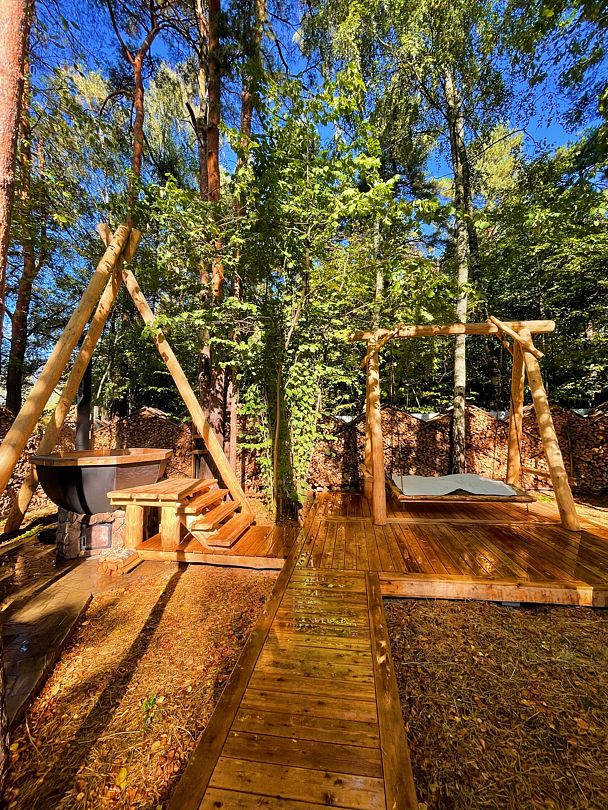 Инфраструктура: купель, чан, зона отдыха, душКело – это сухостойная сосна возрастом до 300 лет, которая засохла на корню в условиях северных карельских широт.
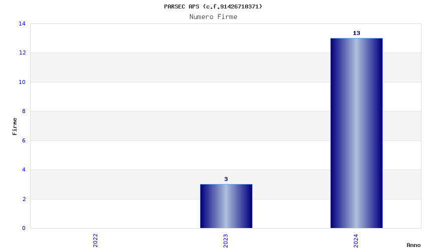 | Anno | Firme | Importi | Media | Naz. | Reg. | Prov. | Comu. |
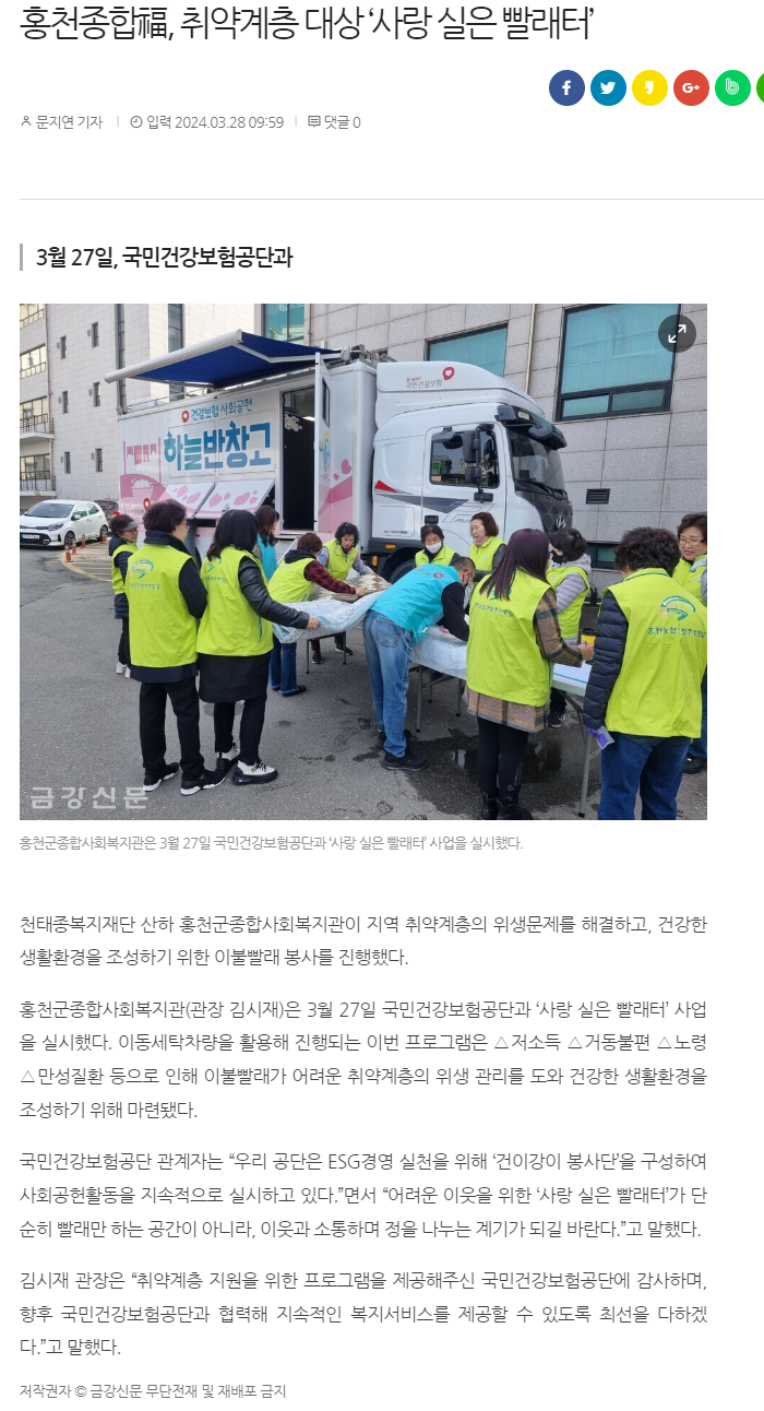 금강신문_홍천종합福, 취약계층 대상 '사랑 실은 빨래터'
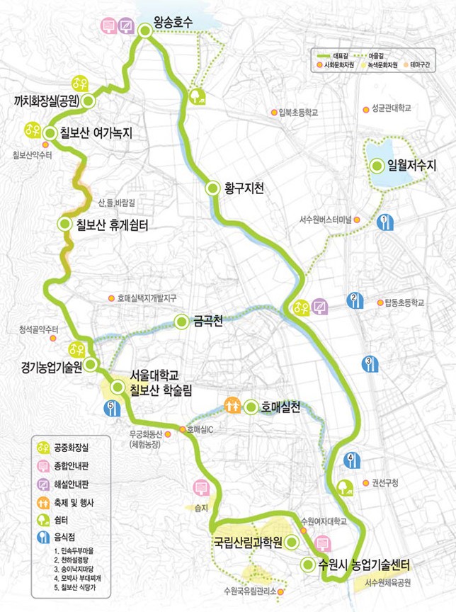 (수원둘레길과 매실길은 수원 팔색길 각각의 코스이다.)
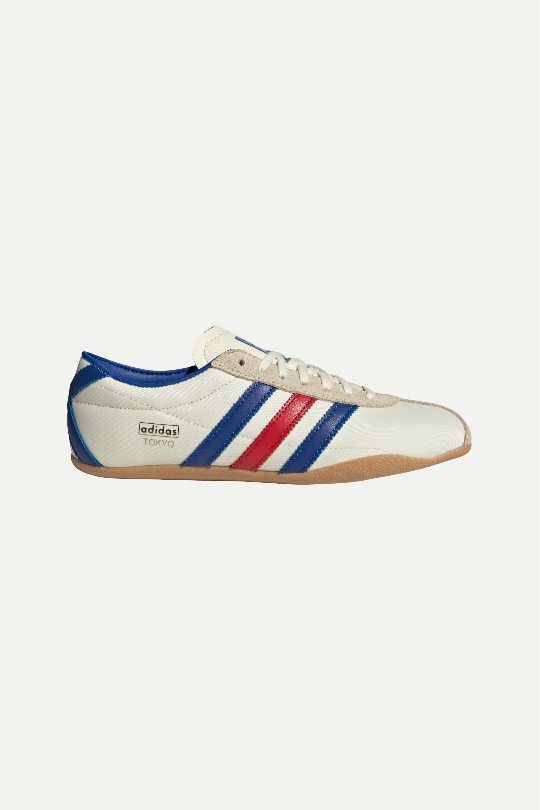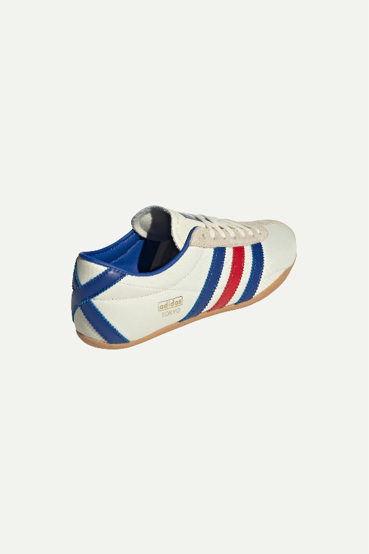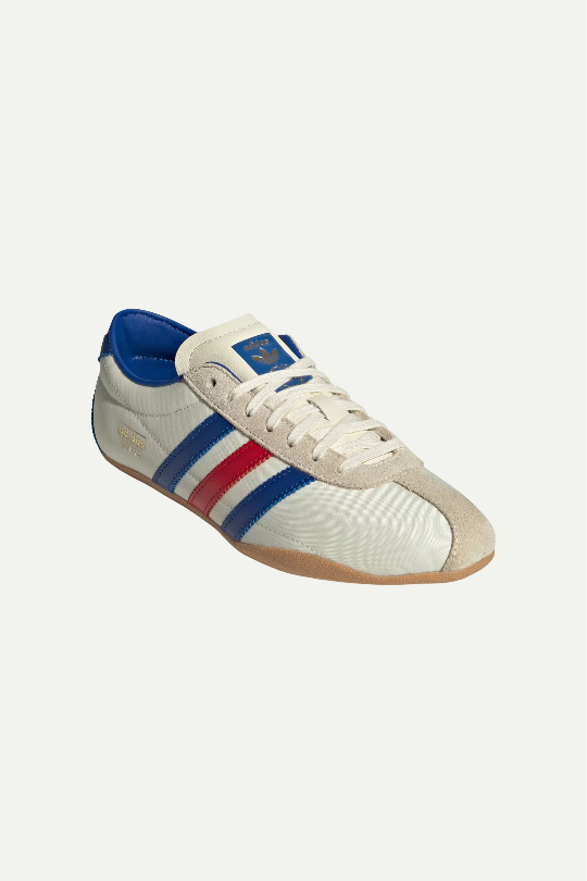 נעלי סניקרס קלאסיות בעיצוב רטרו עם פסי כחול ואדום וסוליית גומי חומה. שילוב מושלם של נוחות ואופנה עם טאץ’ וינטג’ אורבני.
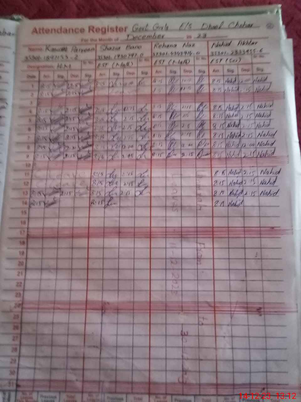 | CNIC | Full Name | Designation | R/C | Absence During Last Calender Month |
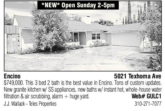*NEW* Open Sunday 2-5pm Encino 5021 Texhoma Ave New granite kitchen w/ SS appliances, new baths w/ instant hot, whole-house water $749,000. This 3 bed 2 bath is the best value in Encino. Tons of custom updates. filtration & air scrubbing, alarm + huge yard. Web# GULC1 J.J. Wallack - Teles Properties 310-271-7077
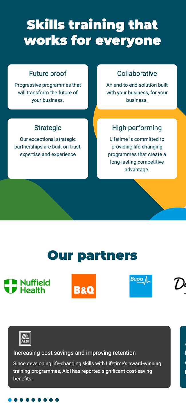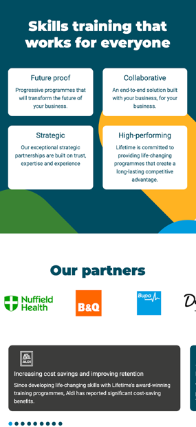 Mentor worked with the team at Lifetime to design and build their new website. The website needed to be an easily navigated space where prospective employers and partners can learn, discover and engage with Lifetime's services, connecting with them to move from potential interest, to an active partnership. To support these business goals Mentor delivered the following services:
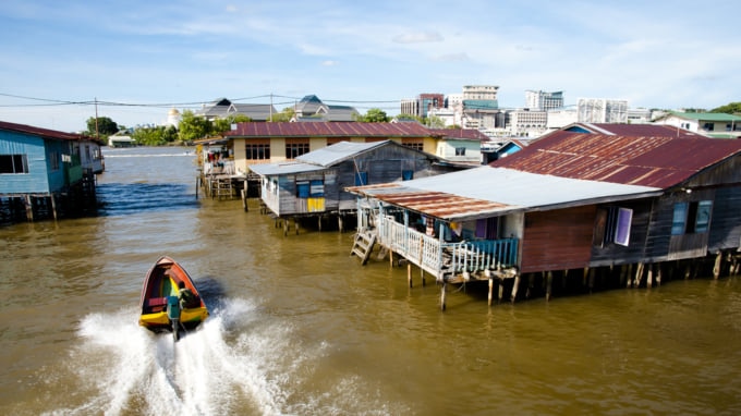 Kampong Ayer est un village aquatique situé au-dessus de la baie de Brunei, à Bandar Seri Begawan, la capitale du Brunei. Environ 39 000 personnes vivent dans des maisons construites sur pilotis au-dessus du plan d'eau, faisant de Kampong Ayer le plus grand village aquatique au monde. Environ 42 groupes de villages reliés entre eux par des passerelles en bois composent Kampong Ayer. Outre les maisons où vivent les habitants, plusieurs structures publiques et privées sont construites dans le village aquatique. Ils comprennent des écoles, des restaurants, des magasins, des mosquées et même un hôpital. Pour ceux qui souhaitent faire du tourisme à Kampong Ayer, vous devez prendre un bateau-taxi depuis la ville proprement dite jusqu'au village aquatique.
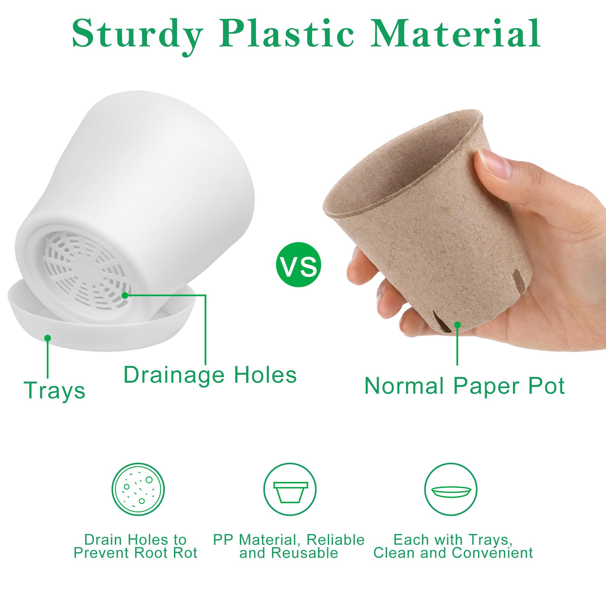 • Quality Plastic Pots: our garden plastic pots are made of strong plastic and come with their own trays, each measuring about 3.94 x 3.35 x 2.76 inches/10 x 8.5 x 7 cm, these lightweight, waterproof pots are reliable and reusable, designed with bottom holes to avoid clogged drainage, avoiding soil leakage and promoting plant health
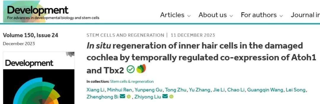 2023年12月11日,《development》杂志在线发表了题为《in situ regeneration of inner hair cells in the damaged cochlea by temporally regulated coexpression of atoh1 and tbx2》的研究论文。该研究由中国科学院脑科学与智能技术卓越创新中心(神经科学研究所)刘志勇研究组完成。研究团队构建了耳蜗内毛细胞特异性损伤的小鼠模型,并在该模型的基础上把幼年耳蜗支持细胞转分化为新的内毛细胞,从而实现了损伤耳蜗内源性内毛细胞后的原位再生,并对新的内毛细胞进行了全面详细的转录组学,形态学和电生理特性等分析。
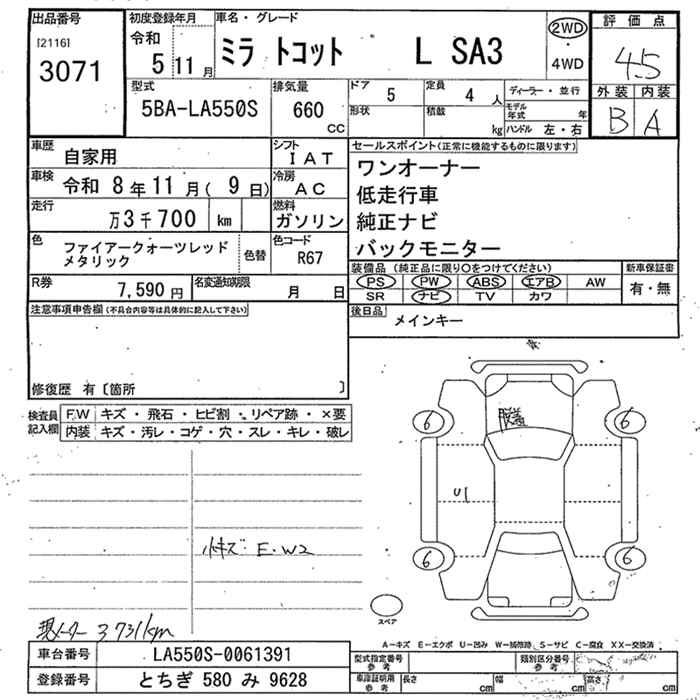 DAIHATSU MIRA TOCOT L SA3 - лот 3071
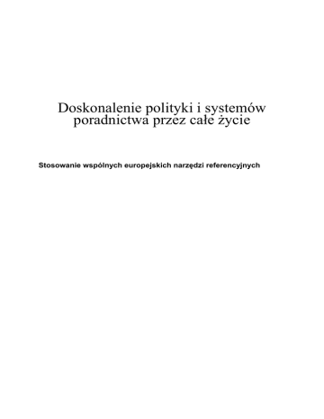 Doskonalenie polityki i systemów poradnictwa przez całe życie Stosowanie wspólnych europejskich narzędzi referencyjnych O niniejszej publikacji Niniejsza publikacja wprowadza zagadnienie trzech wspólnych europejskich narzędzi referencyjnych w zakresie poradnictwa: • cele i zasady świadczenia usług poradnictwa przez całe życie; • punkty referencyjne dla systemów zapewniania jakości w zakresie świadczenia usług poradnictwa w Europie; • najważniejsze cechy systemów poradnictwa przez całe życie. Przedstawia ona kontekst, w jakim zostały one opracowane, a także zawiera propozycje wykorzystania poszczególnych narzędzi w celu doskonalenia istniejącej polityki i systemów poradnictwa na szczeblu krajowym, regionalnym i lokalnym oraz do wymiany doświadczeń partnerskich na szczeblu krajowym i ogólnoeuropejskim. 11 Przedmowa Szefowie rządów i Państw Członkowskich UE na posiedzeniu w Lizbonie w 2000 roku wyznaczyli Europie cel: do 2010 roku ma się ona stać najbardziej konkurencyjną i dynamiczną, opartą na wiedzy gospodarką świata, zdolną do trwałego rozwoju gospodarczego, zapewniającą większą liczbę coraz lepszych miejsc pracy oraz charakteryzującą się większą spójnością społeczną. Uznali oni, iż edukacja, szkolenia oraz zatrudnienie mogą wnieść istotny wkład w urzeczywistnienie tego celu, przede wszystkim poprzez zapewnianie możliwości kształcenia przez całe życie dla wszystkich obywateli. Stwierdzili także konieczność unowocześnienia polityki, systemów oraz stosowanych praktyk. Kolejnym krokiem było uzgodnienie przez Radę ds. Edukacji oraz Komisję Europejską wspólnej struktury europejskiej ułatwiającej procesy modernizacji. Struktura ta, określana mianem programu pracy „Edukacja i Szkolenie 2010”1, obejmuje trzy powiązane ze sobą komponenty: rozwój systemów kształcenia przez całe życie, realizacja przyszłych celów dotyczących systemów edukacji i szkolenia oraz poszerzenie współpracy w zakresie kształcenia i szkolenia zawodowego (ang. VET). Świadczenie usług poradnictwa przez całe życie dla obywateli Europy uznano za integralny składnik wszystkich trzech komponentów. Aby ułatwić formułowanie polityki w zakresie poradnictwa, w grudniu 2002 roku Komisja Europejska powołała Grupę Ekspertów ds. Poradnictwa Przez Całe Życie2, stawiając przed nią następujące zadania: (a) wypracowanie wspólnego zrozumienia podstawowych pojęć i fundamentalnych zasad dotyczących poradnictwa; (b)przeanalizowanie jakości świadczonych usług poradnictwa w celu opracowania wspólnych wytycznych oraz kryteriów jakości wykorzystywanych do akredytacji usług i produktów poradnictwa3. (1) Zob.: http://europa.eu.int/comm/education/policies/2010/doc/10_year_en.pdf (2) Grupa składa się z 25 przedstawicieli reprezentujących ministerstwa właściwe do spraw edukacji i pracy, europejskich partnerów społecznych, europejskie stowarzyszenia konsumentów, rodziców i młodzież, podmioty o charakterze ogólnoeuropejskim (Europejska Fundacja ds. Szkoleń, Cedefop) oraz międzynarodowym (Międzynarodowe Stowarzyszenie Poradnictwa Edukacyjnego i Zawodowego – IAEVG, Organizacja Współpracy Gospodarczej i Rozwoju - OECD, Światowe Stowarzyszenie Publicznych Służb Zatrudnienia - WAPES). (3) Zadania te są odzwierciedleniem potrzeb rozpoznanych w ramach przeglądu polityki w zakresie poradnictwa zawodowego, zainicjowanego w 2001 roku przez OECD oraz rozszerzonego, w latach 20022003, przez Komisję Europejską na wszystkie kraje europejskie, dzięki współpracy Cedefopu oraz ETF. Zob: http://www.trainingvillage.gr/etv/Projects_Networks/Guidance/Career_Guidance_survey/ and http://www.oecd.org/document/35/0,2340,en_2649_34511_1940323_1_1_1_37455,00.html 22 Wspólny Raport Okresowy Rady i Komisji Europejskiej z 2004 roku pt. Edukacja i Szkolenie 2010: sukces strategii lizbońskiej zależy od przeprowadzenia pilnych reform4 wzywał do opracowania wspólnych europejskich zasad i punktów referencyjnych, przydatnych w aspekcie formułowania polityk krajowych. Polityka Unii Europejskiej w zakresie edukacji i szkolenia zasadniczo pozostaje w kompetencji poszczególnych państw członkowskich UE. Z tego względu działania na szczeblu europejskim odbywają się na zasadzie dobrowolności. Aby usprawniać i unowocześniać politykę, systemy i praktyki w dziedzinie edukacji, kraje uzgadniają wspólne priorytety i cele, opracowują wspólne europejskie wskaźniki i wartości porównawcze (benchmarks), wspólne punkty referencyjne oraz uczą się od siebie wzajemnie poprzez wymianę najlepszych praktyk. Efektem pracy Grupy Ekspertów ds. Poradnictwa przez Całe Życie jest opracowanie następujących europejskich narzędzi referencyjnych: • wspólne cele i zasady świadczenia usług poradnictwa przez całe życie, • wspólne punkty referencyjne dla systemów zapewniania jakości w zakresie poradnictwa, przede wszystkim z perspektywy obywatela/użytkownika, • najważniejsze cechy systemowego modelu poradnictwa przez całe życie. Narzędzia te mają pomagać Państwom Członkowskim w usprawnianiu i unowocześnianiu swoich polityk, systemów i praktyk poprzez samoocenę oraz samodzielny rozwój świadczenia usług na poziomie krajowym, regionalnym i lokalnym. Konieczność zreformowania polityk, systemów i praktyki w zakresie poradnictwa w Europie dodatkowo podkreśla Uchwała Rady ds. Edukacji z maja 2004 roku(5). W Uchwale tej za zagadnienia priorytetowe uznano: rozwój powszechnie dostępnych usług wysokiej jakości poradnictwa, usprawnienie mechanizmów zapewniania jakości oraz wzmocnienie struktur odpowiedzialnych za formułowanie polityki i rozwój systemów na szczeblu krajowym i regionalnym. Uchwała zachęcała państwa członkowskie UE do przyjrzenia się krajowym usługom poradnictwa i sposobom ich świadczenia w sektorze oświaty, szkoleń i zatrudnienia w świetle wniosków wypływających z przegląd

- - - - - - -

WHAT THE TASK REQUIRES: Print exactly the lines above that run from the one with "נעלי סניקרס קלאסיות" down to the one with "Mentor worked with", and omit the pictures.

YOUR RESPONSE:
 נעלי סניקרס קלאסיות בעיצוב רטרו עם פסי כחול ואדום וסוליית גומי חומה. שילוב מושלם של נוחות ואופנה עם טאץ’ וינטג’ אורבני.
 | CNIC | Full Name | Designation | R/C | Absence During Last Calender Month |
*NEW* Open Sunday 2-5pm Encino 5021 Texhoma Ave New granite kitchen w/ SS appliances, new baths w/ instant hot, whole-house water $749,000. This 3 bed 2 bath is the best value in Encino. Tons of custom updates. filtration & air scrubbing, alarm + huge yard. Web# GULC1 J.J. Wallack - Teles Properties 310-271-7077
 Mentor worked with the team at Lifetime to design and build their new website. The website needed to be an easily navigated space where prospective employers and partners can learn, discover and engage with Lifetime's services, connecting with them to move from potential interest, to an active partnership. To support these business goals Mentor delivered the following services:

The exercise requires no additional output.